Below is a stand-alone test program that reproduces such use-cases at small-scale. It repeatedly writes an entry and immediately attempts to find the resulting index value up using a separate ExcerptTailer. All is well for a while until the first data-block is used up and a second data file is assigned, then the retrieval failures start. If the data block size is increased to avoid roll-overs, then no entries are lost. Also using a small index data-block size, causing multiple index files to be created, doesn't cause a problem.

The test program also tries using an ExcerptListener running in parallel to see if the entries apparently 'lost' by the writer, are ever received by the reader thread - they're not.
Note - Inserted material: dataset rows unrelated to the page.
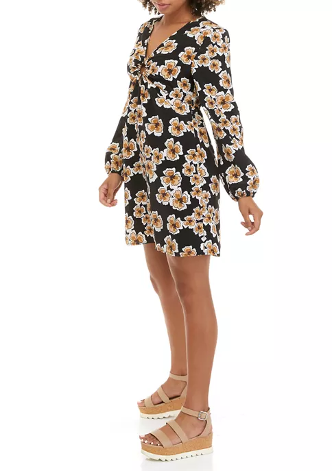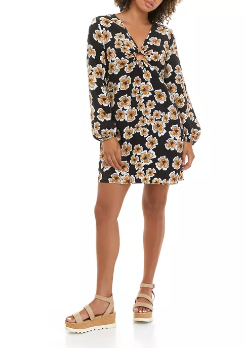 Colorful florals pop off of this pinafore dress by As U Wish, featured in a sleeveless silhouette that can be worn solo or layered over your favorite tee.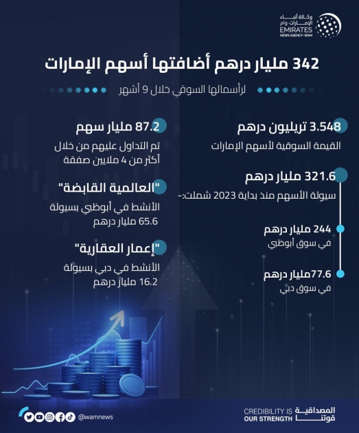 واستقطبت الأسهم المحلية سيولة تجاوزت 321.6 مليار درهم خلال التسعة أشهر الأولى من العام الحالي، توزعت بواقع 243.9 مليار درهم في سوق أبوظبي للأوراق المالية و77.6 مليار درهم في سوق دبي المالي، فيما جرى التداول على نحو 87.2 مليار سهم منها 44.6 مليار سهم في سوق أبوظبي و42.6 مليار سهم في سوق دبي، وذلك من خلال تنفيذ أكثر من 4 ملايين صفقة في السوقين.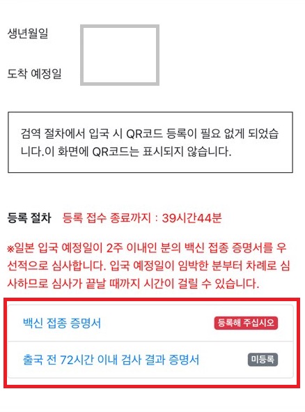 가장 중요한 부분입니다. 현재 일본에서는 '코로나백신접종 증명서'가 필수입니다. 사전등록이 가능하니 등록해서 승인을 받고 혹시 모를 증명서 1장을 프린트해 가시기 바랍니다.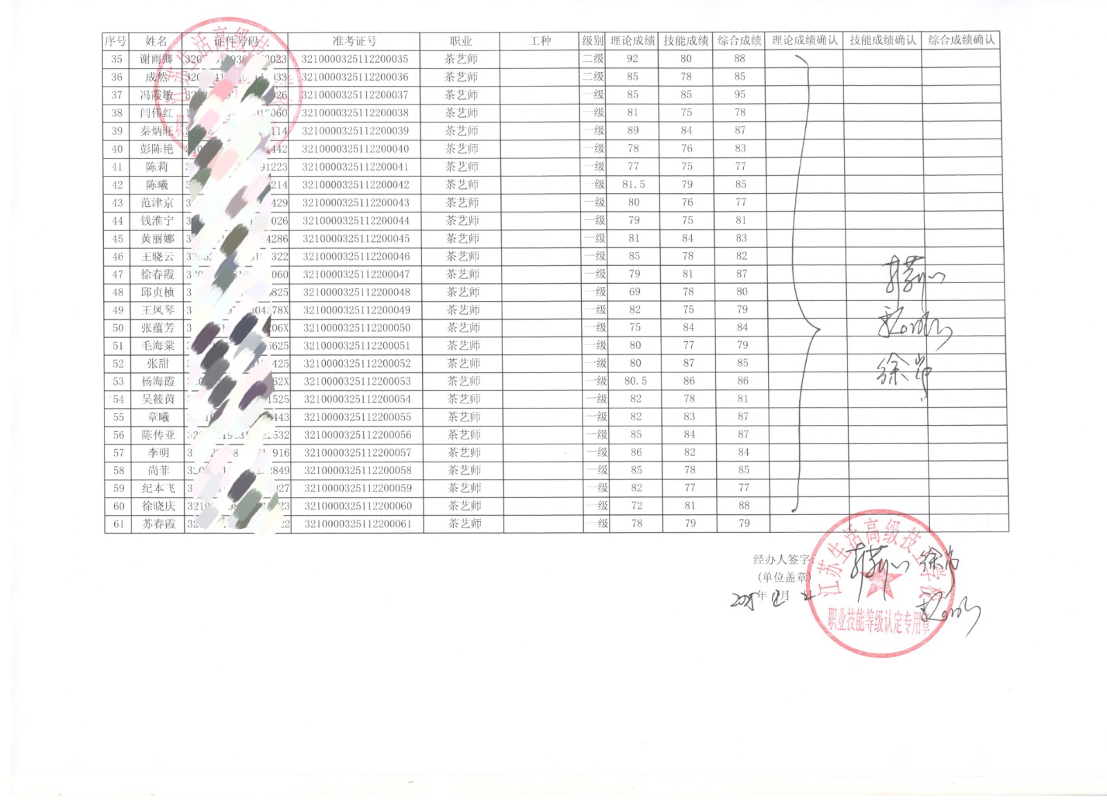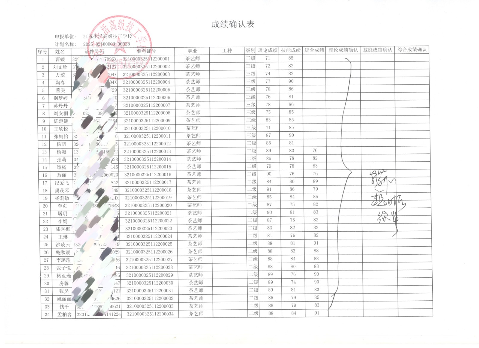 职业技能等级认定 茶艺师1级2级3级2025-32100003-00028 批次成绩公示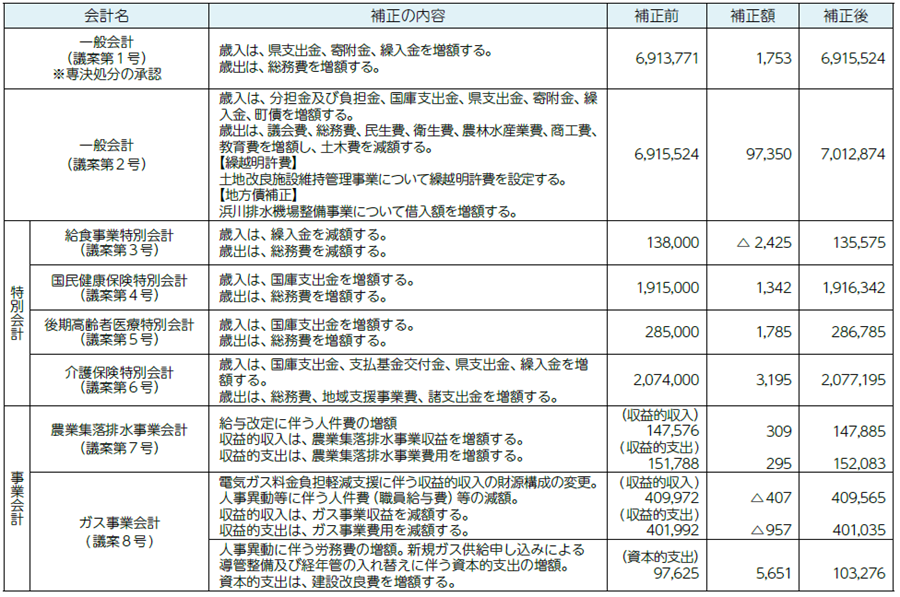 ■令和7年度の補正予算(議案第1~8号)(千円)

Also tries to re-read the resulting queue from start until end, which reconfirms that they really are lost.

Stepping thru' the code, I see that when looking up a 'missing entry', within AbstractVanillarExcerpt#index, it appears to successfully locate the correct VanillaMappedBytes object from the dataCache, but determines that there is no entry and the data-offset as the len == 0. In addition to the entries not being found, at some point after the problems start occurring post-roll-over, an NPE is thrown from within the VanillaMappedFile#fileChannel method due to it having been passed a null File path. The code-path assumes that when resolving a entry looked up successfully in the index that a file will always have been found, but isn't in this case.

Is it possible to reliably use Chronicle Queue across data-block roll-overs, and if so, what am I doing that maybe causing the problem I'm experiencing?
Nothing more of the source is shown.